• What you have to do: The answer should hold only the lines from the beginning of the listing below to the line containing "ハイビスカス&プルメリア柄 6.2oz フライス", both included, with every picture left out.

• Provided data:
○ ○ ○ ○

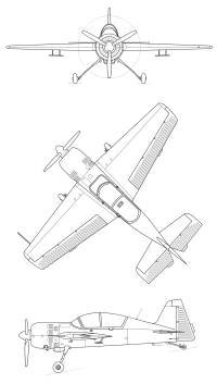 М-14П (360л.с.). Самолет имеет взлетную массу 990 кг. Развивает максимальную скорость 460 км/ч. Скороподъемность - 15 м/с. Самолет небольшой по размерам: длина 6,91 м, размах 8,16 м, площадь крыла
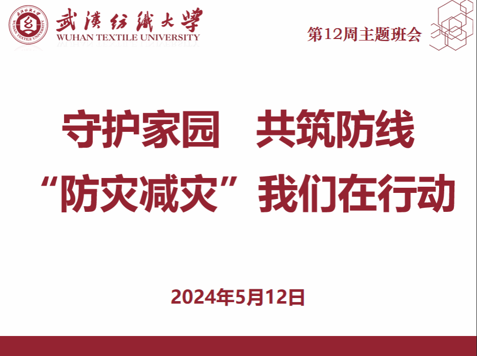 各年级各班召开“守护家园 共筑防线 防灾减灾 我们在行动”主题班会,全体在校本科生参加本次班会。
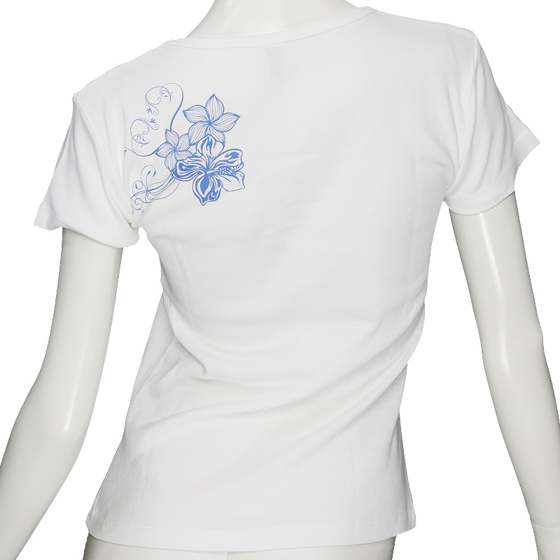 ハイビスカス&プルメリア柄 6.2oz フライス 半袖 Tシャツ 白地 青 プリント [TSR018-1-1]
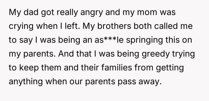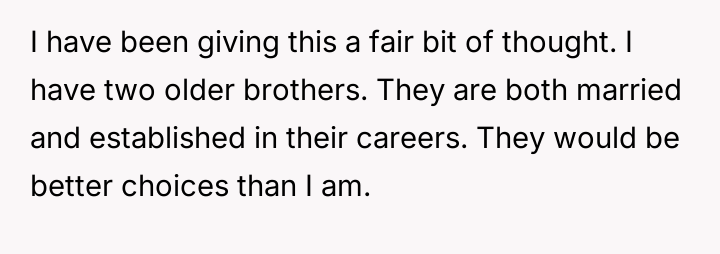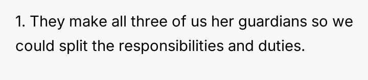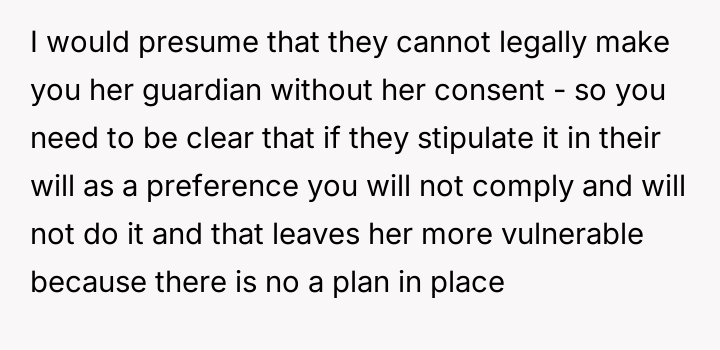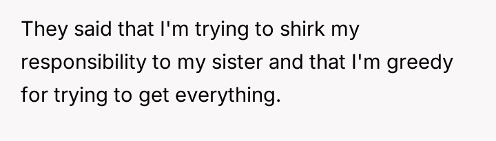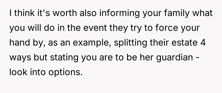 Her attempts to negotiate a shared guardianship or a financial trade-off for sole guardianship were met with anger and accusations of greed by her parents and siblings, leading to significant family conflict.

○ ○ ○ ○

• Answer to this problem:
 М-14П (360л.с.). Самолет имеет взлетную массу 990 кг. Развивает максимальную скорость 460 км/ч. Скороподъемность - 15 м/с. Самолет небольшой по размерам: длина 6,91 м, размах 8,16 м, площадь крыла
 各年级各班召开“守护家园 共筑防线 防灾减灾 我们在行动”主题班会,全体在校本科生参加本次班会。
 ハイビスカス&プルメリア柄 6.2oz フライス 半袖 Tシャツ 白地 青 プリント [TSR018-1-1]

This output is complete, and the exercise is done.